North persevered. These days, kindergartners in Matuskiewicz's class get a different kind of instruction than their older brothers and sisters did. During the first week of kindergarten, Matuskiewicz sits with each child and determines if he or she knows the letters and their corresponding letter sounds. The skill levels of the children are variable. So, class work in the autumn has to do with "sorting" — identifying letters and connecting them to sounds.
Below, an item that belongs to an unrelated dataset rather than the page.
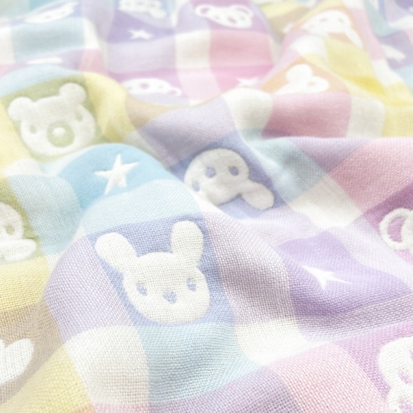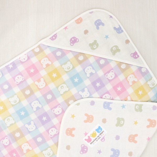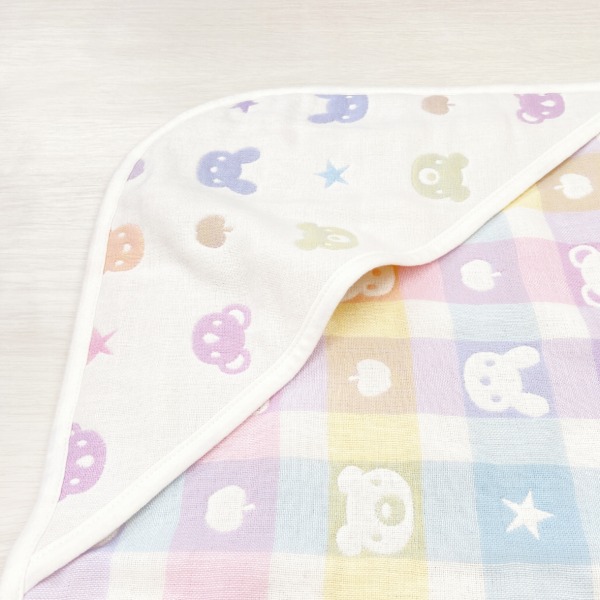 | パステルチェックと動物柄が可愛い、男の子にも女の子にも人気のデザインです。お出掛けの時や普段使いにも、包んだり掛けたり敷いたり色々使える便利なアイテムです。 【日本製のガーゼ】洗えばわかる!その違い。糸からこだわって作った、赤ちゃんの城のガーゼ。その品質と使い心地は、生まれたての赤ちゃんからご年配の方々まで多くの方に愛されています。重ねることで空気の層ができ吸水性・保水性がアップ!夏だけでなく一年中活躍する素材でお洗濯するほどふんわりとした柔らかさが増します。 |

Some of the kids with a keen sense of phonemic awareness are already moving on to what is called in teacher-speak "decodable text" — little books with single lines of text made up of words that can be sounded out with ease. After about thirty minutes, all the children stop their work and, using a broad hand motion for each sound, sing what is known as "the vowel song" with great gusto. When the chorus of cheerful voices begins to die away, North and Matuskiewicz look pleased. "The rap against phonics is that there is too much drilling," says North. "But look at this classroom. No one is suffering here."
First grade teacher Angela DiStefano, a 12-year teaching veteran, says the Literacy How approach to reading has changed her professional life forever. "Before that, I thought it was my job to teach kids to share my enthusiasm for reading." Now, she teaches them to read with explicit instruction on how to sound out words. Not long ago, she gave a seminar for first grade parents to teach them some rules about vowels (for example: vowels make their short sound in closed pattern words like tap and the long sound in open pattern words like hi, so, and my) so parents could reinforce the lessons at home.
The Literacy How approach has increased the scores on interim tests, and results from the first third graders who learned to read this way are expected to be high. Already, only three children per year are now being referred for the costly reading support, a massive savings for the district.
DiStefano says that the new program has made her relationship with parents more straightforward. "Before, we might say, 'That child isn't reading!' And we'd shrug. We didn't know what to do. Now we can sit with a parent and say, 'Your child is struggling to understand the rule that when a word ends with e, the middle vowel says its own name.' And we can describe our plan to reteach that and get parents to emphasize that at home and get that child back on the path to reading success."